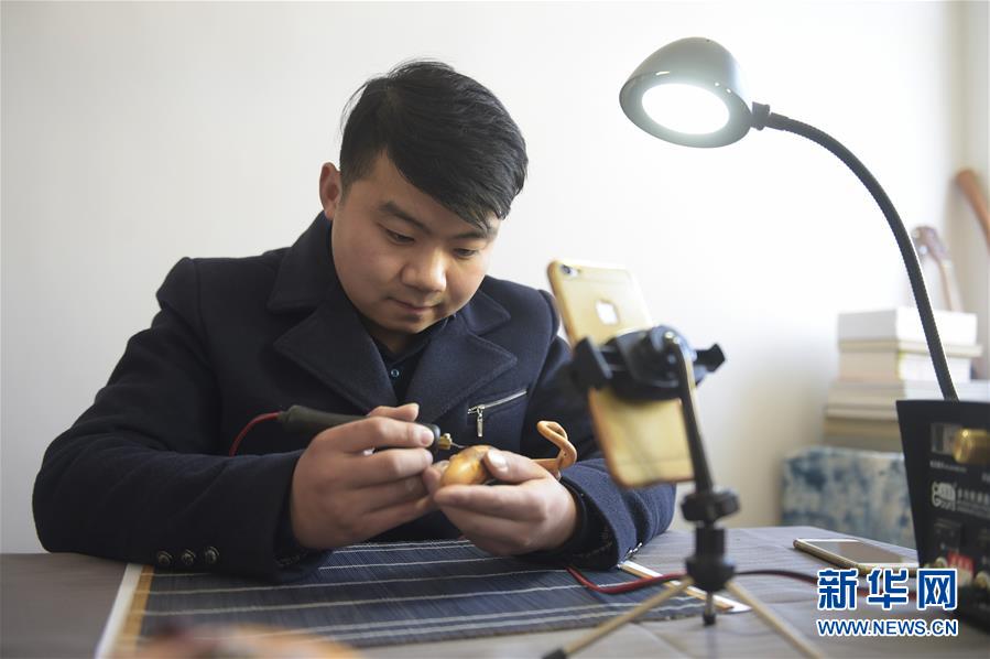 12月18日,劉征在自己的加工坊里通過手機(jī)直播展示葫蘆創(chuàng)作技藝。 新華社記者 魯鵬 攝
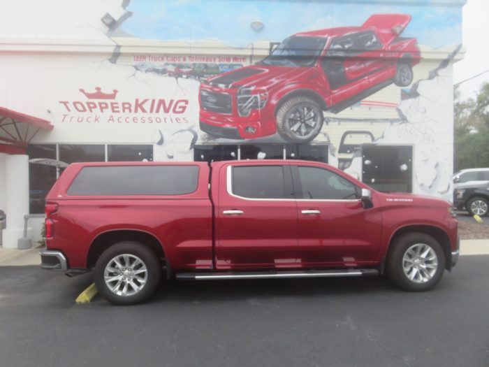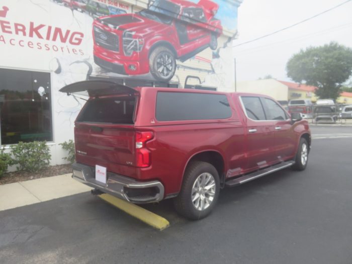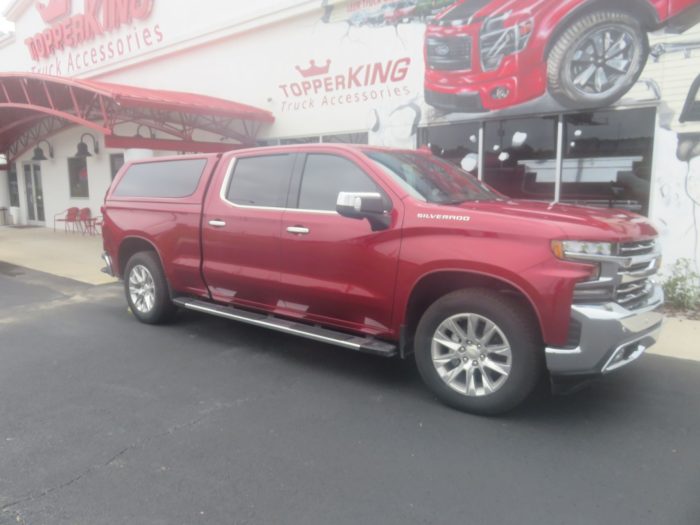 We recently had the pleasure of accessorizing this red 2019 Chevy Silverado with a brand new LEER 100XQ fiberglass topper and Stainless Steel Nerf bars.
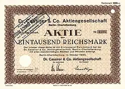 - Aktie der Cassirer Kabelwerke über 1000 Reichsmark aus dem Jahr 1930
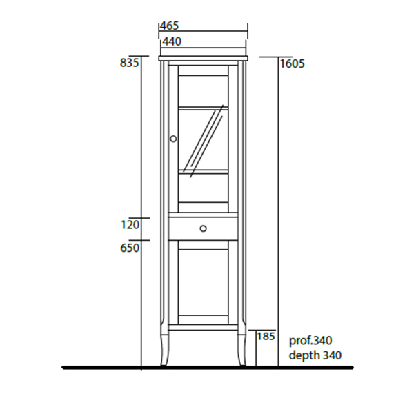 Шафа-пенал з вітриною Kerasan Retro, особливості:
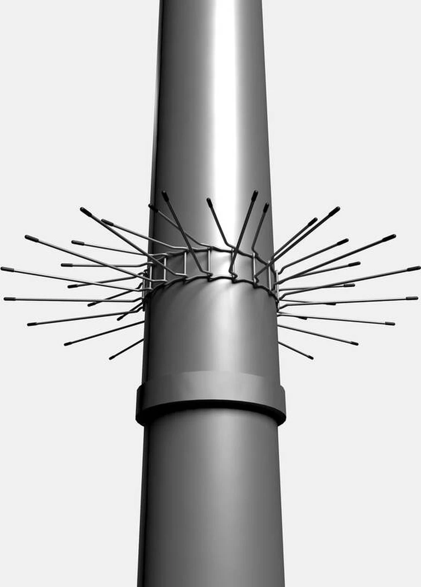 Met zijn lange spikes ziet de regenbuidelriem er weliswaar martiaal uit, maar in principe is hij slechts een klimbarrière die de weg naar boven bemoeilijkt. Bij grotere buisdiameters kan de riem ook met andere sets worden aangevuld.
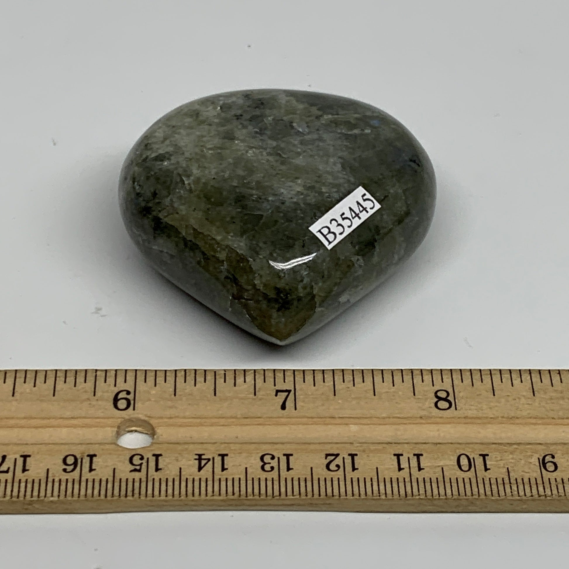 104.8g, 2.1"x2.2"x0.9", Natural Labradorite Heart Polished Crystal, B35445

-- WHAT TO WORK ON --
Output only the lines from the start of the data through the line that holds "Шафа-пенал з вітриною". Keep them exact and leave the pictures out.

-- FINISHED EXERCISE --
 12月18日,劉征在自己的加工坊里通過手機(jī)直播展示葫蘆創(chuàng)作技藝。 新華社記者 魯鵬 攝
 We recently had the pleasure of accessorizing this red 2019 Chevy Silverado with a brand new LEER 100XQ fiberglass topper and Stainless Steel Nerf bars.
 - Aktie der Cassirer Kabelwerke über 1000 Reichsmark aus dem Jahr 1930
 Шафа-пенал з вітриною Kerasan Retro, особливості:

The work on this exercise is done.